Le journal n’est-il qu’un défouloir personnel, ou ces détestations (que l’on trouve aussi chez Anne-Marie Platel par exemple, mais à un degré bien moindre) sont-elles formulées publiquement ?  Il semble que ces propos sont partagés dans ses cercles féminins, et alimentés en nouvelles par des officiers de passage. Fort logiquement, notre diariste n’apprécie pas non plus le Feu d’Henri Barbusse (mai 1917, p. 331) : « Pourquoi te bats-tu ? » demande, paraît-il, ce mauvais livre « Le Feu » de ce Barbusse que n’a pas eu honte de couronner l’Académie Goncourt. Plus tard, il rend intéressant et pitoyable, et plus que cela, le soldat qui abandonne son poste. Madame de Pontaumont dit qu’il se lit énormément au front, étant bien écrit, bien fabriqué, mais comme sont fabriqués les portraits et les descriptions qui ne montrent que le laid, le mauvais, l’affligeant, et que l’effet est très nocif. »

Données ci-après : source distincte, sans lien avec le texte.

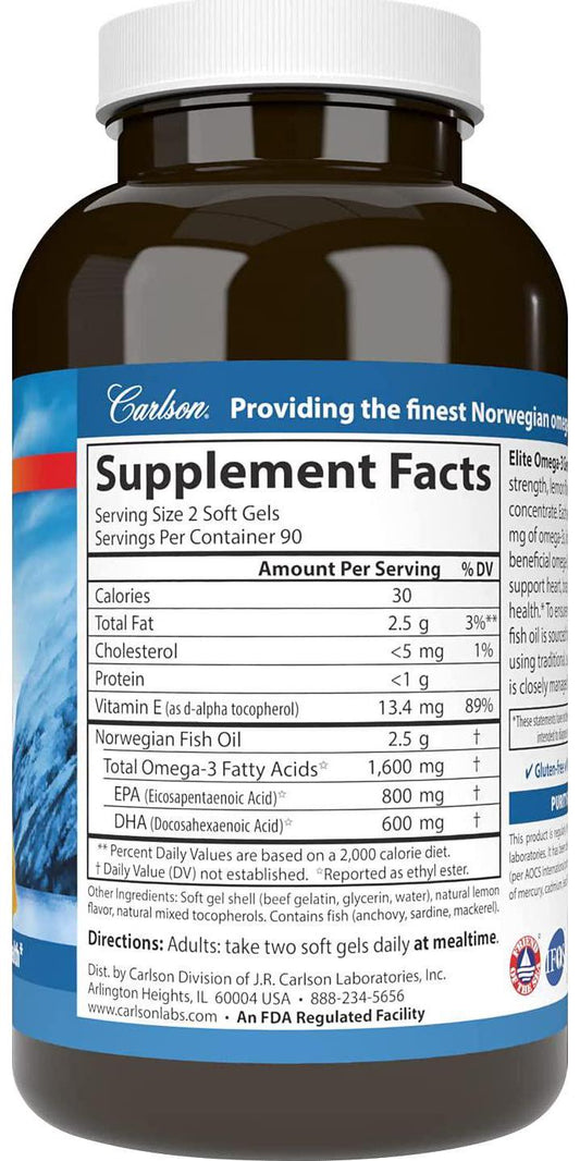 Carlson - Elite Omega-3 Gems, 1600 mg Omega-3s, Heart, Brain and Vision Support, Wild Caught, Orange, 180 soft gels

Finalement, Marie Tyl produit-elle un bon témoignage ? Non, si on considère qu’elle ne reprend que les bruits et les rumeurs qui confirment ses haines préalables, et que son biais d’analyse univoque, tourné vers un passé mythifié, la France d’Ancien Régime, ne lui permet pas de comprendre la guerre de la majorité de ses contemporains. Non encore, car sa complaisance dans la détestation finit par décrédibiliser son jugement, même si par ailleurs elle mène une vie digne. Et pourtant oui, c’est un bon témoignage, si on considère que ces écrits sont représentatifs du milieu très conservateur des officiers de la Marine : ce groupe a longtemps formé la partie de l’Armée la plus hostile aux nouvelles institutions. Certes, à l’échelle du pays, cette sensibilité d’extrême droite monarchiste est très minoritaire, mais son influence sur la société, via L’Action française, est loin d’être négligeable. En outre, malgré son antiparlementarisme, quelques-uns de ses candidats furent élus à la Chambre des députés, parfois sur des listes de coalition hétéroclite du Bloc National, vainqueur des élections de 1919.